# ReplayTV's New DVR for PC



## Nick (Apr 23, 2002)

ReplayTV will introduce a new digital video recorder (DVR) software solution in 2006 designed for the personal computer- a move to capitalize on one of the fastest growing video entertainment platforms. As part of the campaign, ReplayTV has teamed with Hauppauge Computer Works, receiver-for-PC manufacturer, to create the PC-based DVR solution.

According to ReplayTV, the company plans to bundle its PC DVR software application with Hauppauge's WinTV-PVR tuner/encoder PC cards beginning in 2006 for the North American market.

The announcement comes on the heels of a long term restructuring of ReplayTV by the company's parent company, D&M Holdings, in an attempt to make the ReplayTV DVR business more profitable.
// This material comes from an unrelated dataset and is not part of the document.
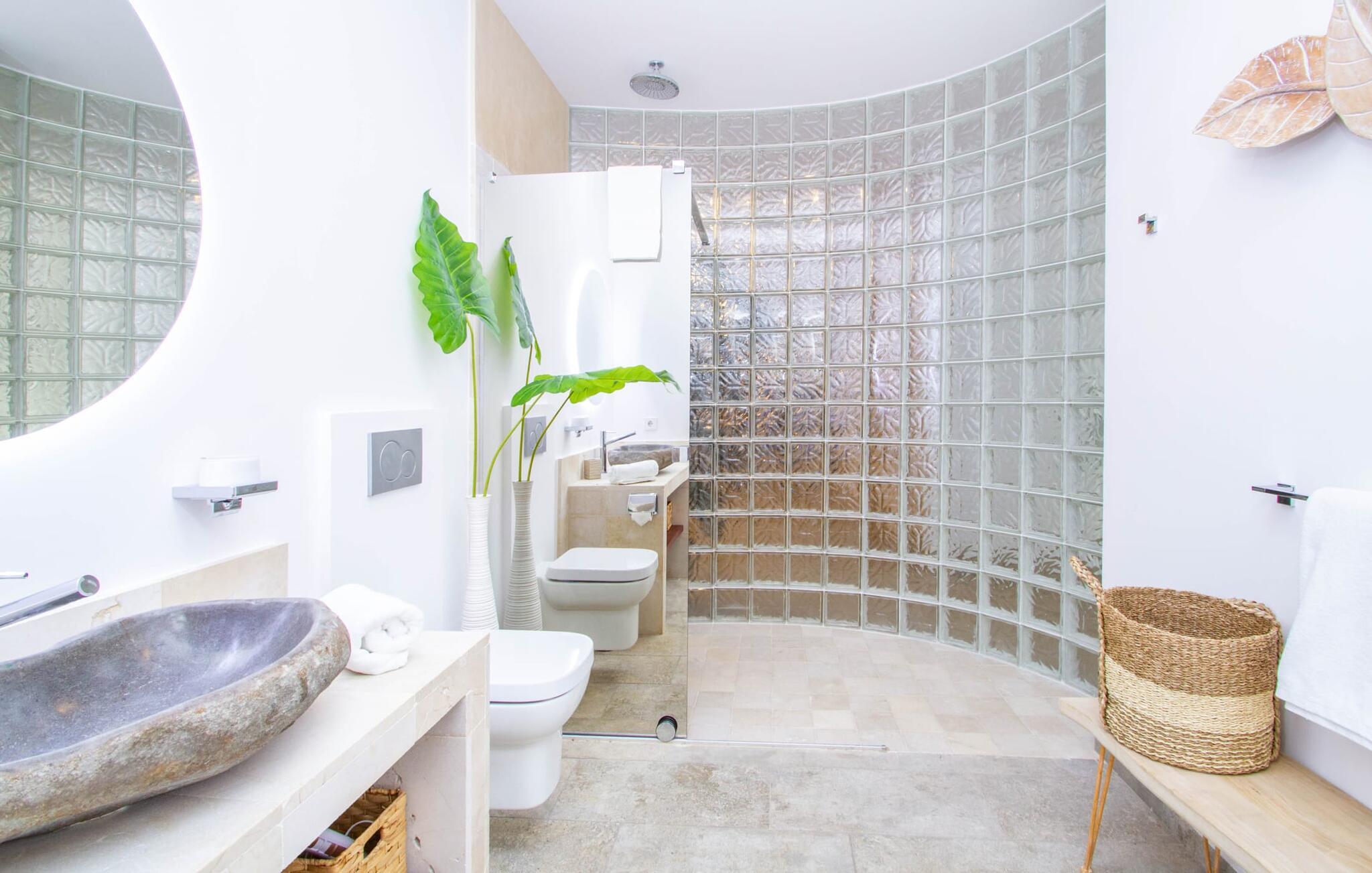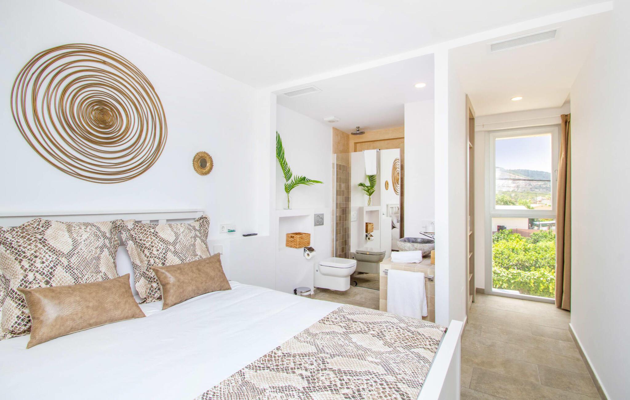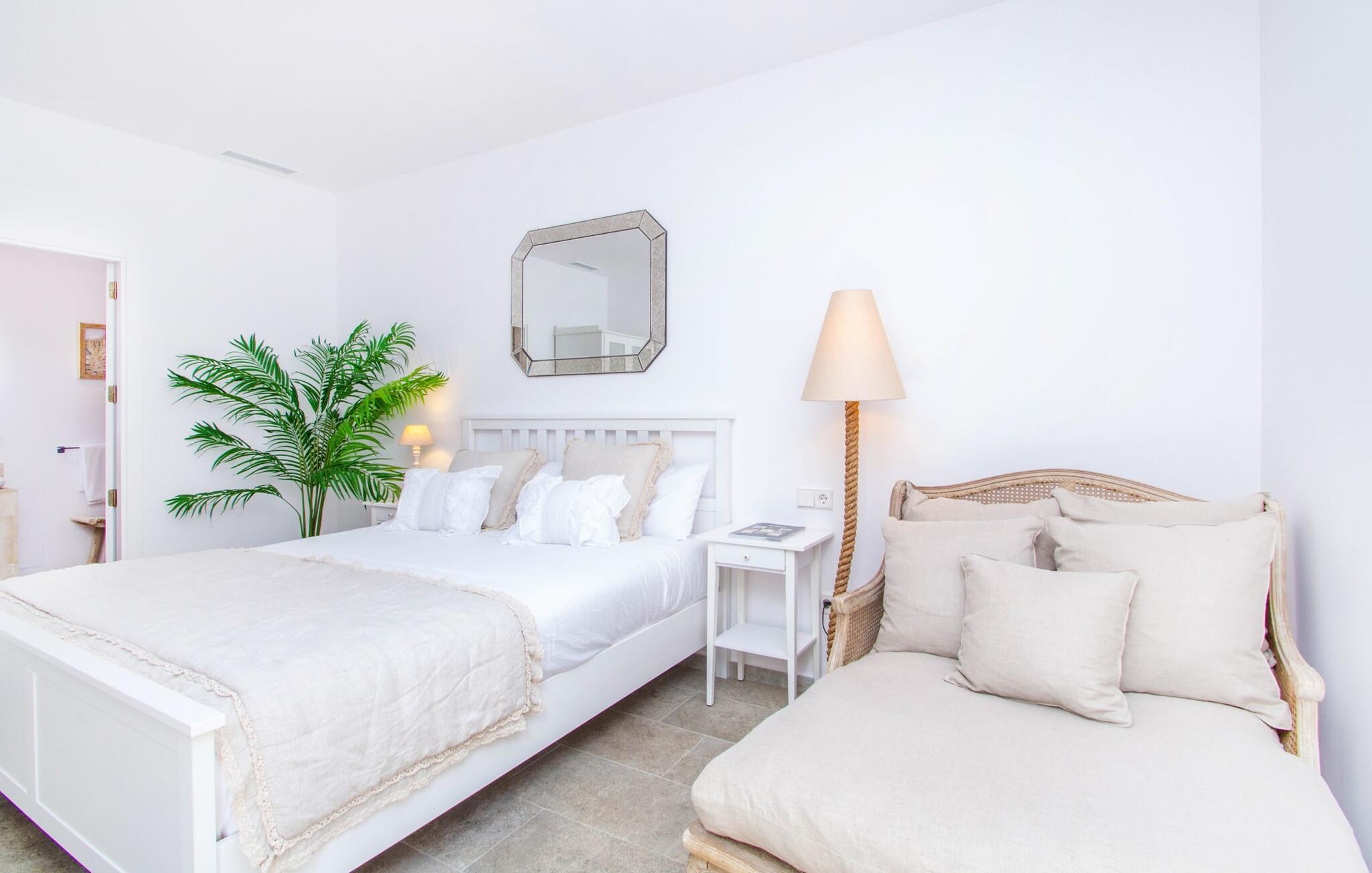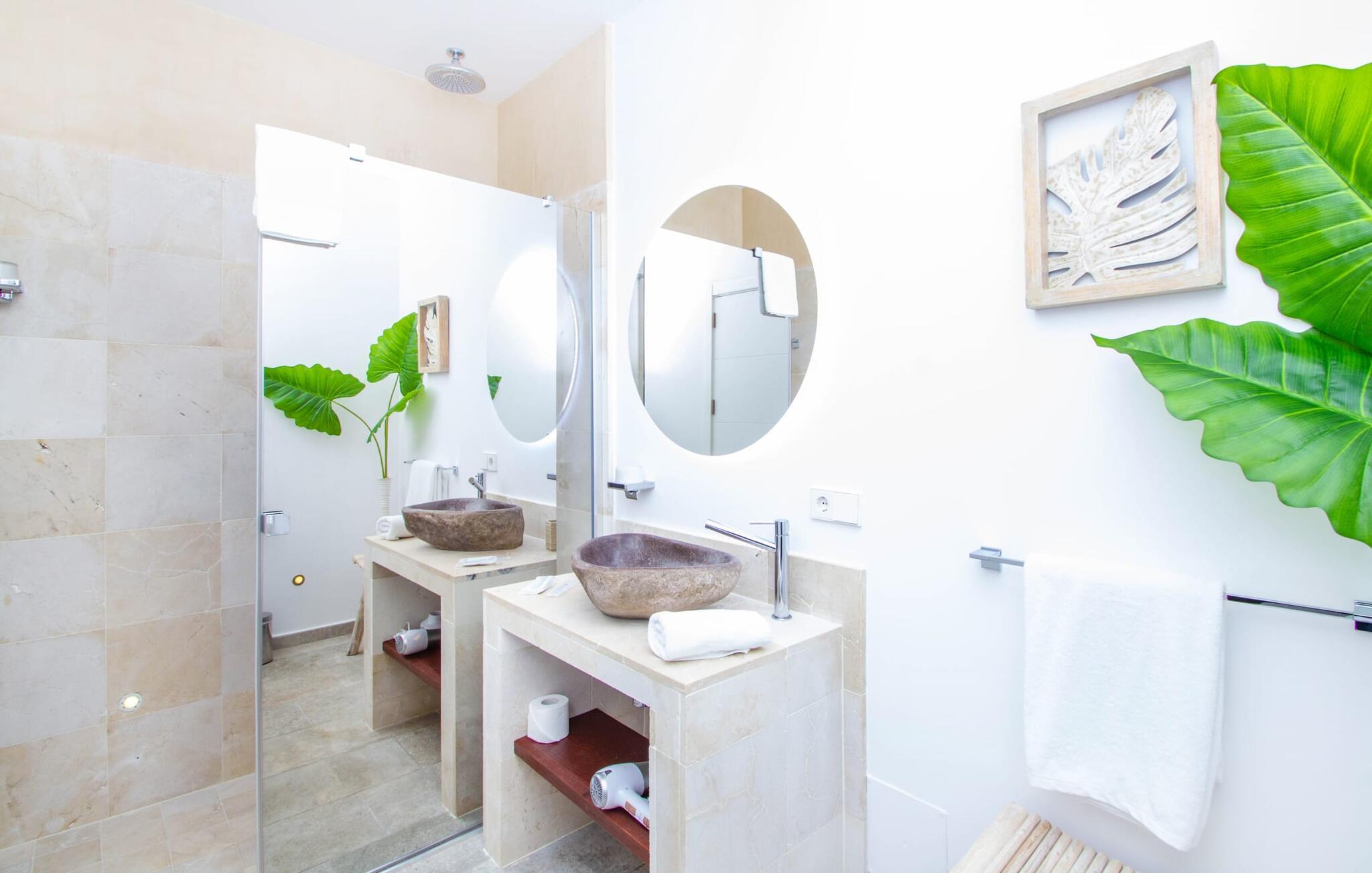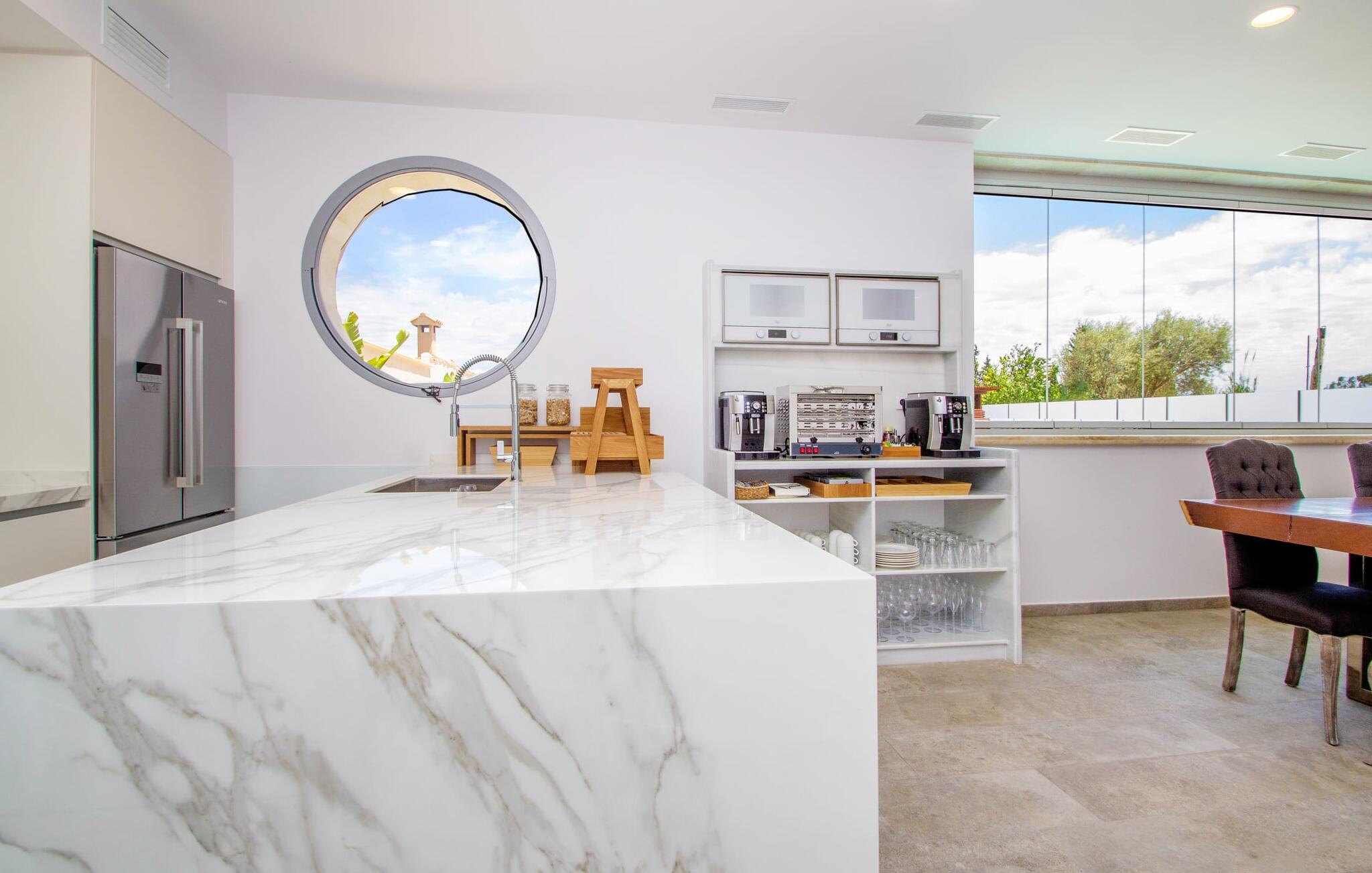 Leder I efter en enestående ejendom med masser af plads og privatliv? Uanset om I ønsker at tilbringe afslappende timer med familie og venner eller planlægger en særlig begivenhed for jeres medarbejdere eller forretningspartnere: "Rainbow"-villaen imponerer ikke kun med sine møbler, som ikke lader noget tilbage at ønske. På grund af dets moderne, puristiske design og udsatte beliggenhed er det også en af de mest eksklusive boliger på øen. Det 400 m² store udendørsareal har en enorm, delvist overdækket poolterrasse med komfortable udendørs sofaer, liggestole i balinesisk stil, liggestole og en pool. Terrassen er ikke synlig udefra: Nyd en helt unik atmosfære her! I kan fremtrylle jeres egne kreationer i poolbaren med et integreret køleskab: fra frossen juice til sundowners, forkæl jeres familie og venner med kølige drinks. Lige overfor er der herretoilet med 2 håndvaske og omklædningsrum. Øverste etage værelser på øverste etage i jeres villa har desuden udgang til en stilfuld terrasse med loungemøbler, hvorfra I har en fantastisk udsigt ud over den brede slette. Kan det ikke være mere? Vent og se. For nu vender vi os til det sofistikerede interiør på 800 m², som har et par overraskelser i vente. Helt fra starten er hele huset fuldt klimatiseret, og I kan individuelt indstille den ønskede temperatur i hvert rum. Forarbejdningen af de fineste materialer og et ekstraordinært design gør dette hus så specielt. I stueetagen finder I den åbne opholds- og spisestue med sofahjørne, et stort spisebord, der også kan bruges som konferencebord, samt et fuldt udstyret køkken. Store vinduespartier slipper masser af lys ind og skaber en luftig atmosfære. Der er fire komfortabelt indrettede soveværelser med dobbeltsenge på denne etage. Hvert værelse i huset har sit eget badeværelse. Disse er enten en-suite eller integreret direkte i rummets åbne arkitektur. Fire yderligere soveværelser ovenpå har adgang til deres egen private terrasse. I kælderen finder I endnu en opholdsstue med sofaer og liggestole, et fladskærms-tv, en bar og et fitnesscenter, der nemt lever op til studiets standarder. Et stort udvalg af fitnessudstyr er tilgængeligt til jeres træning. Der er også fire soveværelser med luksuriøse badeværelser på denne etage. I kan holde forbindelsen via WiFi i hele huset. Villaen er beliggende nord for Palma med en eksklusiv beliggenhed midt i et charmerende boligområde. Byens centrum af denne livlige metropol kan nås på kun ti minutter i bil. Udforsk de smalle gader med smukke butikker, restauranter og tapasbarer eller slentre forbi de imponerende yachter og sejlbåde ved havnen. Den imponerende La Seu-katedral blev bygget i 1200-tallet og er et skinnende blikfang om aftenen og ved daggry. Lige ved siden af ligger Almudaina-paladset, som tilhører den spanske kongefamilie. Palma-bugten med sine lange, let skrånende sandstrande grænser op til byen og er ideel for familier. Ejendommen scorer yderligere pluspoint på grund af dens nærhed til lufthavnen og den korte ankomsttid. Takket være dens centrale beliggenhed er I nemt forbundet til hele øen. Son Vida og Son Termes golfbaner kan nås på kun 15 minutter. Fra jeres villa kan I slentre til et par gode restauranter. Beliggende nord for Palma, er denne ejendom tæt på det pulserende liv i hovedstaden og alligevel det perfekte tilflugtssted for en afslappende tid med venner. jeres drømmevilla ligger i et roligt boligområde, hvorfra I kan nå den historiske gamle bydel eller Playa de Palma på få minutter. Takket være det veludviklede transportnetværk kan I nå Serra de Tramuntana på ingen tid: UNESCO World Heritage Site tilbyder vandrere og cyklister en hidtil uset variation. Bemærk venligst, at denne ejendom ikke accepterer ungdomsgrupper eller polterabender. En ungdomsgruppe på denne ejendom består af personer på 25 år eller derunder. Book ikke denne ejendom, hvis I er en ungdomsgruppe eller en polterabendgruppe, da jeres reservation vil blive afvist, når den er booket, hvilket også kan være tilfældet ved ankomst til ejendommen eller under jeres ophold, og I vil ikke modtage en refusion.

ReplayTV will soon complete the sale of all remaining 5500 series DVR products, closer transforming the brand from hardware manufacturer to provider of advanced DVR software and services.

"More consumers are using the PC as an integral home entertainment device, and sales of PC tuner cards are soaring around the globe," said Bill Loewenthal, ReplayTV's VP and GM. "Coupled with the same internet-delivered EPG services that serve our installed base of ReplayTV DVRs, we can bring a tremendous DVR experience to the entertainment PC consumer."

ReplayTV's DVR experience on the PC will showcase a range of features accessed via a new user interface design that builds on ReplayTV's original design. ReplayTV will announce product details and pricing in 2006, the company said.

www.SkyReport.com - used with permission


----------



## Bogy (Mar 23, 2002)

Competition for XPMC.


----------